■ **What is expected**:
Restate exactly the lines from the top of the listing below to the line containing "Antara aktivis wanita PH yang hadir."; the remaining lines are not wanted.

■ **Data shown**:
*** Block opens ***

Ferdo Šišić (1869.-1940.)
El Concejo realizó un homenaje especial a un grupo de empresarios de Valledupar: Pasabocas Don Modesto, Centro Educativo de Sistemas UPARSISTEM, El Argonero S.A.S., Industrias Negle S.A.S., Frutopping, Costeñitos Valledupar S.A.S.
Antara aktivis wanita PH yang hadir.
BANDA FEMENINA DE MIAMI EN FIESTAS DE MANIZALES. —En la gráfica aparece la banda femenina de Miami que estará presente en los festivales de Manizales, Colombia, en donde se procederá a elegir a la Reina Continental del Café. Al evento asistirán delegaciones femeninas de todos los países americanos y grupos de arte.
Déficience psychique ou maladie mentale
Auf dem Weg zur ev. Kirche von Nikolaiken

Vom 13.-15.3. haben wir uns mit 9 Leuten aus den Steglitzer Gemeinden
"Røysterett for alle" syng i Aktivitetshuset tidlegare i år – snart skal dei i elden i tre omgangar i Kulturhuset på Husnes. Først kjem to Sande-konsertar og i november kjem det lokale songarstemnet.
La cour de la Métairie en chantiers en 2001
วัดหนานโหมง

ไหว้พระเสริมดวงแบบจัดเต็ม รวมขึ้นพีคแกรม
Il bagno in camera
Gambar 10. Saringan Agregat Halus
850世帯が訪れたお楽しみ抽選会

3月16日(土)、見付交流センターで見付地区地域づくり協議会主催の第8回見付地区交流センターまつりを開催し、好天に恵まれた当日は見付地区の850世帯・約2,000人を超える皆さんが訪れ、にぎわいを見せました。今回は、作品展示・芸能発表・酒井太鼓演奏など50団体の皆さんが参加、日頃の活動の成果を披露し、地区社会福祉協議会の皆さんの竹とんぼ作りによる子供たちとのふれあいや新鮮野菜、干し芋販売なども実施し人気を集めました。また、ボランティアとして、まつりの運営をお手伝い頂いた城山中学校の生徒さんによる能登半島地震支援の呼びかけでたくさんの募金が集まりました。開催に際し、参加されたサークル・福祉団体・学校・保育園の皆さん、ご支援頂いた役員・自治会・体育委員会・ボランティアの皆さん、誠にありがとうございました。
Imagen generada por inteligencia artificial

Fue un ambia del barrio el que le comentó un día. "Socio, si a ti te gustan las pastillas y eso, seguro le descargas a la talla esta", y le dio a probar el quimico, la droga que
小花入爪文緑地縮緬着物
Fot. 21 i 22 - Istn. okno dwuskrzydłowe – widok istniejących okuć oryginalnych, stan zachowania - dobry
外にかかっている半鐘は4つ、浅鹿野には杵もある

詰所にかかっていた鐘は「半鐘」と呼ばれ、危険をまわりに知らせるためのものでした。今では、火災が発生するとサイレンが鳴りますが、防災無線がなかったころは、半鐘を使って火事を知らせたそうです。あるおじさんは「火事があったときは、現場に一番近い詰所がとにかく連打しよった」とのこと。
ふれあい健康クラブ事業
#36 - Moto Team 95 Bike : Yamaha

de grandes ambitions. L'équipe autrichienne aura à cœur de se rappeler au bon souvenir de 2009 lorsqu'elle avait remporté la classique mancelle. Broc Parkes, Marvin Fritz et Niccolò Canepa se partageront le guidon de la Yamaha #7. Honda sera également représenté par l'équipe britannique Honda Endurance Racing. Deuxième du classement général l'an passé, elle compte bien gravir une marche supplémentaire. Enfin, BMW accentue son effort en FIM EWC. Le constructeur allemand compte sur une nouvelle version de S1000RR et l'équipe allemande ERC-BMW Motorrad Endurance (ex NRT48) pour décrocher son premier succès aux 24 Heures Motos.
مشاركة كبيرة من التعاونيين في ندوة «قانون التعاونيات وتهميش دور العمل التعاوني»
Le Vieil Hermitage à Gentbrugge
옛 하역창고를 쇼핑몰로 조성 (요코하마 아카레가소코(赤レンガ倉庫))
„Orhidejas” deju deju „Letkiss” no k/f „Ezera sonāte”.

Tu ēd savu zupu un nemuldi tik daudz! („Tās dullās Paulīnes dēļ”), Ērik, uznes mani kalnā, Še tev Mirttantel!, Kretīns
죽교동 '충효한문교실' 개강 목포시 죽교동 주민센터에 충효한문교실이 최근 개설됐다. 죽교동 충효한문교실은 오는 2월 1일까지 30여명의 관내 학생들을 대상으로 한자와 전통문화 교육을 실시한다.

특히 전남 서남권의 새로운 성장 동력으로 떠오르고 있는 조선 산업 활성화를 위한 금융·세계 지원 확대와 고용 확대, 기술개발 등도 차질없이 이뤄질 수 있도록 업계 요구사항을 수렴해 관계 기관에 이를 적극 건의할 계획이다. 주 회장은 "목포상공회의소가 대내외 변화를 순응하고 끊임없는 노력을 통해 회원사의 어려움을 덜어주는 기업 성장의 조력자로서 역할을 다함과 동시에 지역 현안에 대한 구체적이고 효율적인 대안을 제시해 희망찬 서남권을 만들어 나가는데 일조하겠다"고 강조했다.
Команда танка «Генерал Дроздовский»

*** Block closes ***

■ **Solution to the exercise**:
Ferdo Šišić (1869.-1940.)
El Concejo realizó un homenaje especial a un grupo de empresarios de Valledupar: Pasabocas Don Modesto, Centro Educativo de Sistemas UPARSISTEM, El Argonero S.A.S., Industrias Negle S.A.S., Frutopping, Costeñitos Valledupar S.A.S.
Antara aktivis wanita PH yang hadir.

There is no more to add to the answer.